Melbourne was found to have the most improved conditions for businesses in the past year, with Sydney’s inner city now ranked the worst.
The 34 per cent drop since last year has been blamed “in large part to consumer demand contracting”.
Spending fell in seven categories, including recreation (-4.7 per cent), hospitality(-4.5 per cent) and food and beverage (-1.3 per cent), according to CommBank’s monthly household spending insights.
Businesses in the food and beverage services sector remain the most at risk of payment defaults and have the highest proportion of external administration “by far”, according to CreditorWatch.
One in 100 goes into administration each year, which is attributed to the “risky nature” of the sector, which is hit hard by changes in demand, pricing and stiff competition.
Business owners banking on a Christmas boost are being warned to prepare for the worst.
“Order values are dropping, therefore so are revenues, and margins are also being squeezed through inflation,” CreditorWatch CEO Patrick Coghlan said.

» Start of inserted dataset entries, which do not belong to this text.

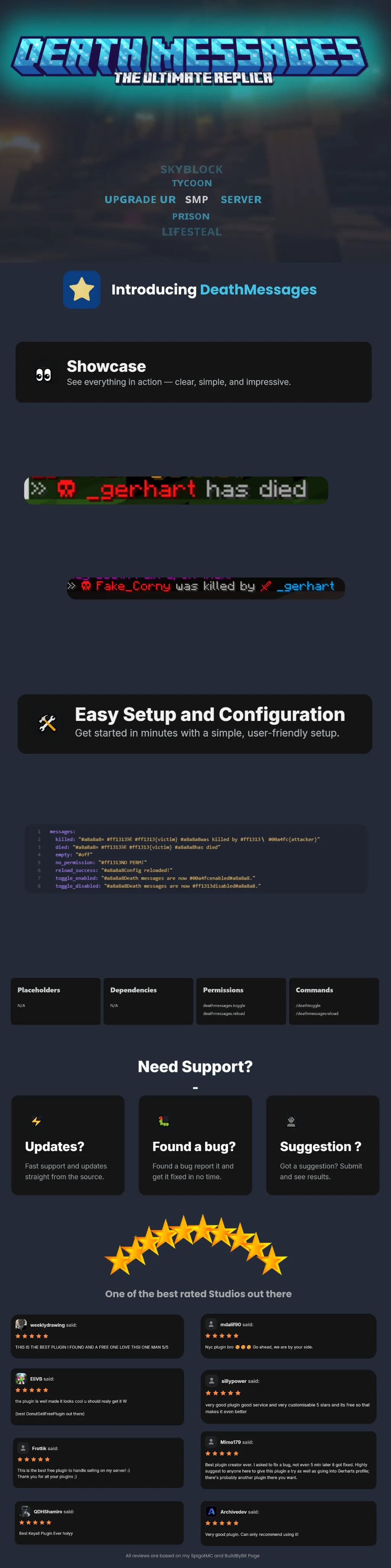 Built for Paper 1.21+, DeathMessages uses efficient event handling and asynchronous scheduling for thread safety and consistent performance under load. There are no hardcoded messages or hidden fallbacks—just fast, reliable death notifications, clean messaging modules, and a lightweight setup that gives you full control over how your server commemorates every player's demise.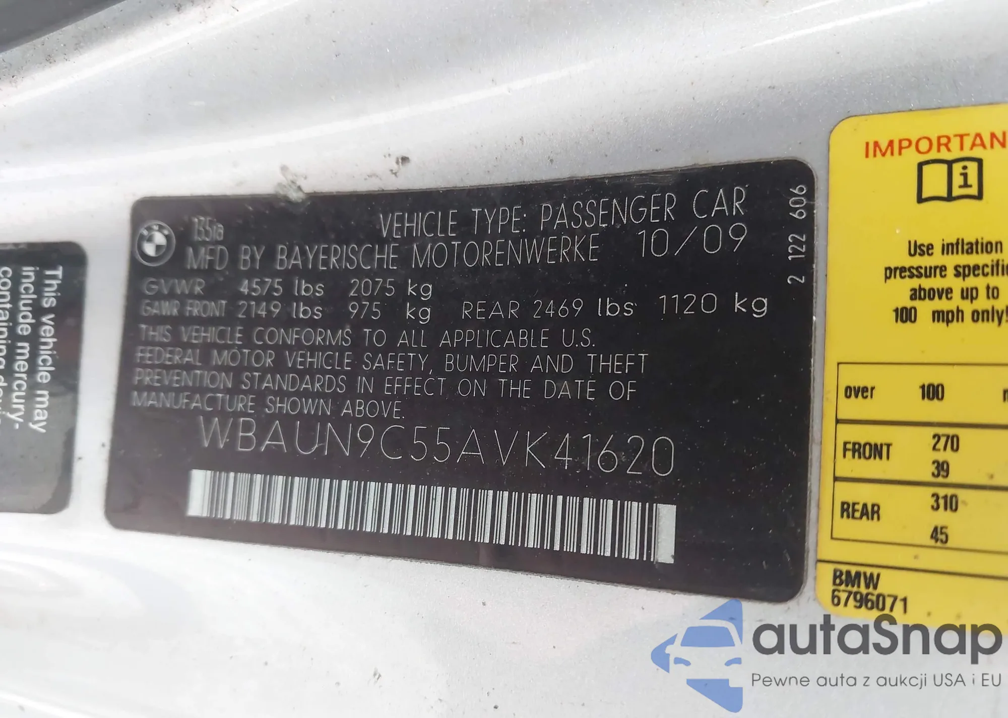 LOT: 44414979 VIN: WBAUP93569VF49243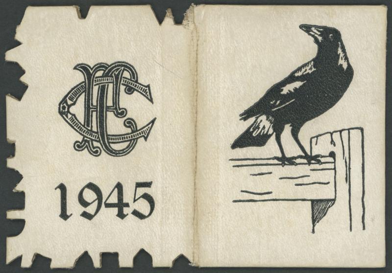 COLLINGWOOD: 1945 Member's Season Ticket, with Fixture List & hole punched for each game attended. Fair/Fine condition. (Image1)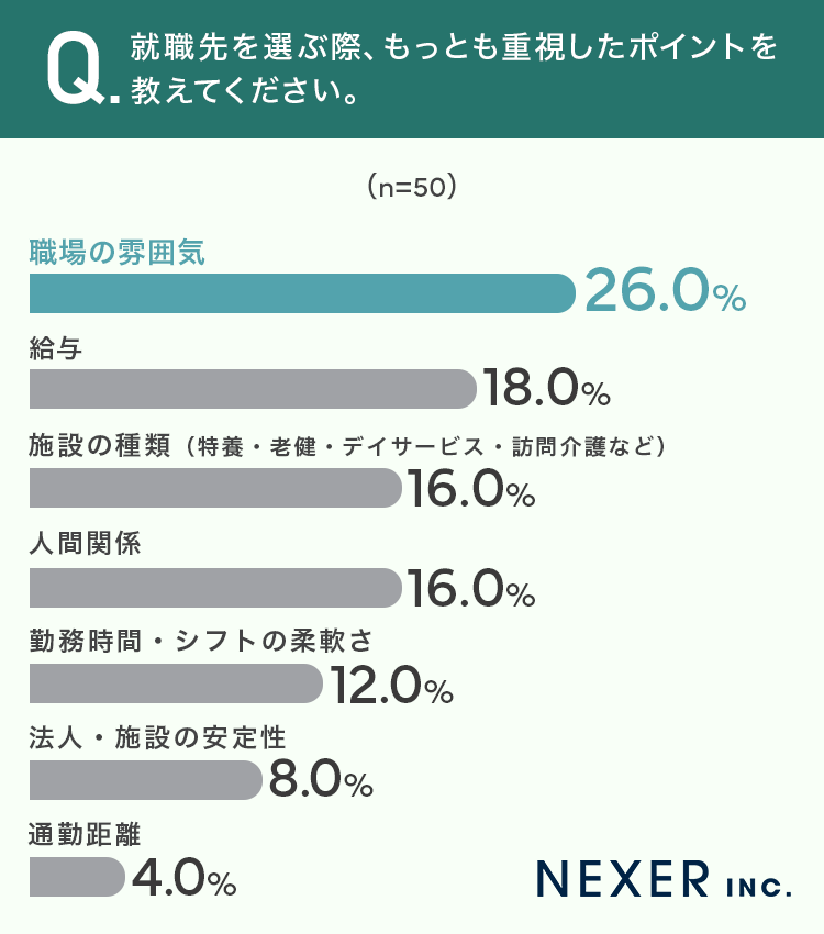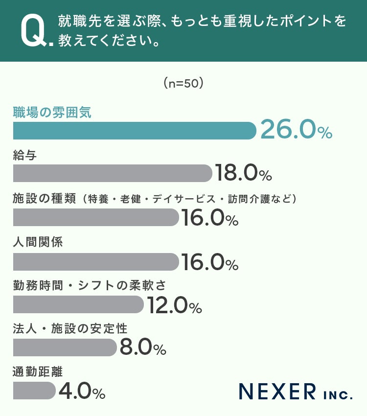 続いて、介護職の就職先を選ぶ際にもっとも重視したポイントを聞いてみました。
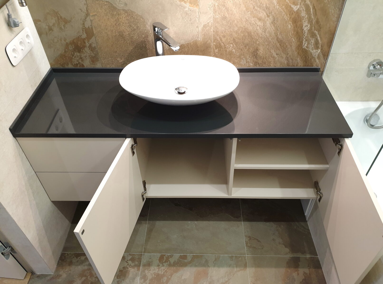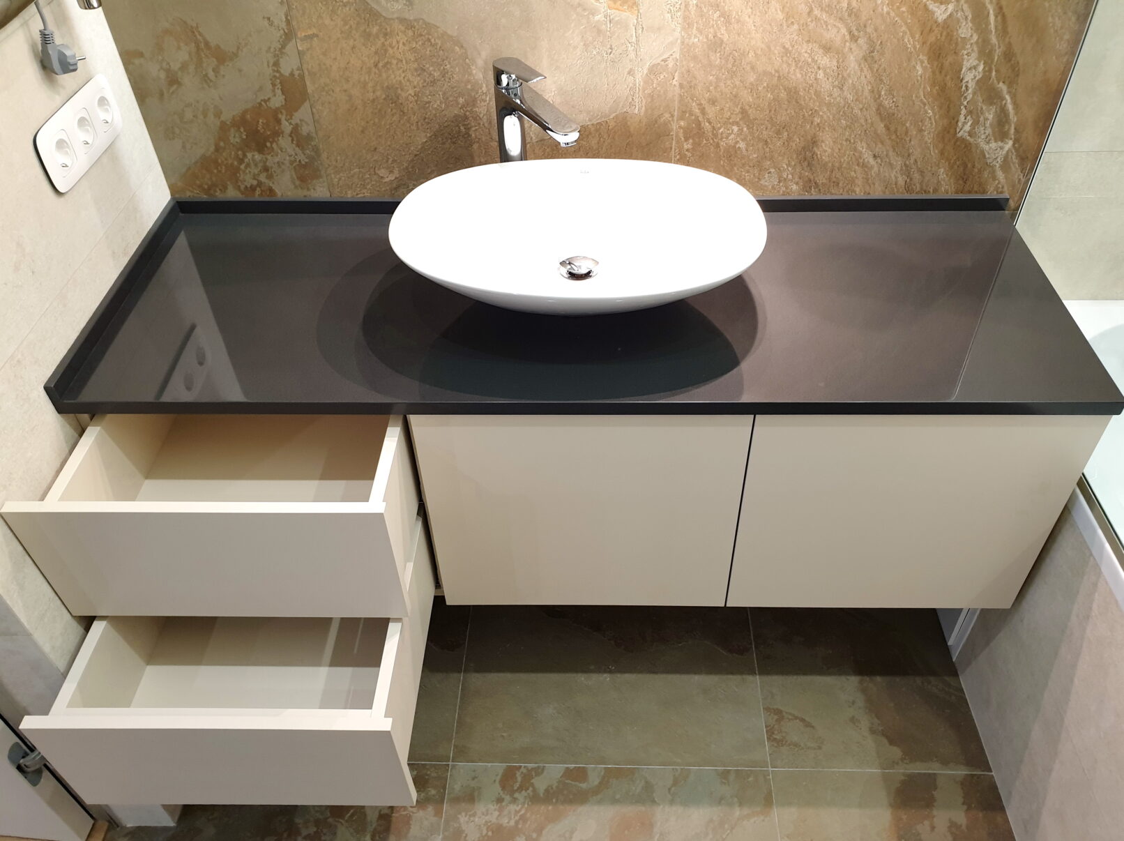 Тумба виготовлена на замовлення за точними розмірами, щоб максимально зберегти простір у ванній.

“That is causing an increase in the number of businesses that are unable to pay their invoices to suppliers, and that is a real worry because those defaults greatly increase the chance that a business will not survive into the future.
“All the data is pointing to another challenging Christmas trading period so it is prudent for businesses to follow up on outstanding debts before then.”
While the tightening of monetary policy by the RBA has the desired effect of bringing down spending, Australians looking for a deal may spend more as sales like Black Saturday and Cyber Monday take off.
Westpac’s consumer survey found 40 per cent of respondents intended on spending less on gifts for Christmas this year, which Thompson argued “points to a particularly bleak Christmas outlook for Australian retailers”.
“It is likely that Black Friday sales in late November will be very strong, as consumers hunt for bargains and carefully plan their Christmas spending. However, December spending is likely to be weak, as consumers avoid making last-minute, full-priced purchases.”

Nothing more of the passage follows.